### Work task
Each line below must be set down exactly; omit any image you find.

### Data
——————
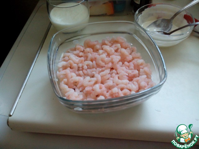 • Слой креветок- их можно добавить отваренными, посолить поперчить, а можно и немного обжарить, тогда вкус будет интенсивнее. Слой креветок тоже мажем майонезом.
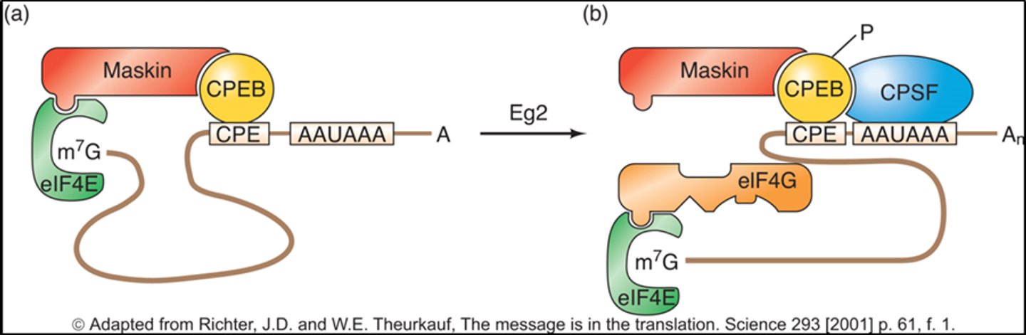 그러다가 Eg2에 의해 (b)와 같이 CREB에 인산화가 일어나게 되면 이제 Maskin이 eIF4E로부터 분리되어 나오게 되고, polyadenylation도 촉진되게 됨. 그리고 자유로워진 eIF4E에 eIF4G가 결합하면서 결과적으로 active한 translation initiation complex가 형성되게 됨.
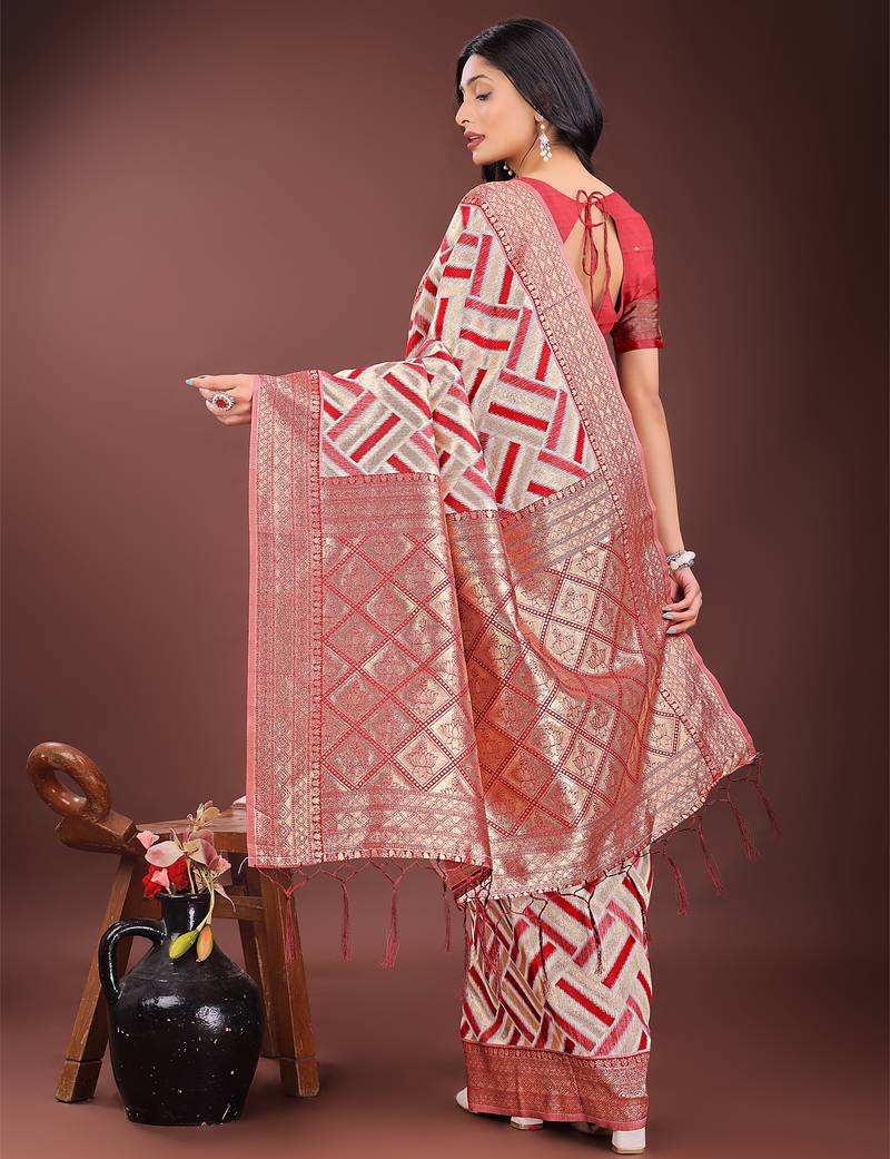 | Product Name | Red Color Woven Work Linen Cotton Saree | |
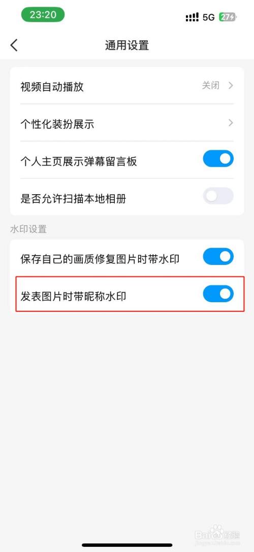 最后,在此页面中,点击将【发表图片时带昵称水印】选项开启即可;
——————
### Solution to this task
 • Слой креветок- их можно добавить отваренными, посолить поперчить, а можно и немного обжарить, тогда вкус будет интенсивнее. Слой креветок тоже мажем майонезом.
 그러다가 Eg2에 의해 (b)와 같이 CREB에 인산화가 일어나게 되면 이제 Maskin이 eIF4E로부터 분리되어 나오게 되고, polyadenylation도 촉진되게 됨. 그리고 자유로워진 eIF4E에 eIF4G가 결합하면서 결과적으로 active한 translation initiation complex가 형성되게 됨.
 | Product Name | Red Color Woven Work Linen Cotton Saree | |
 最后,在此页面中,点击将【发表图片时带昵称水印】选项开启即可;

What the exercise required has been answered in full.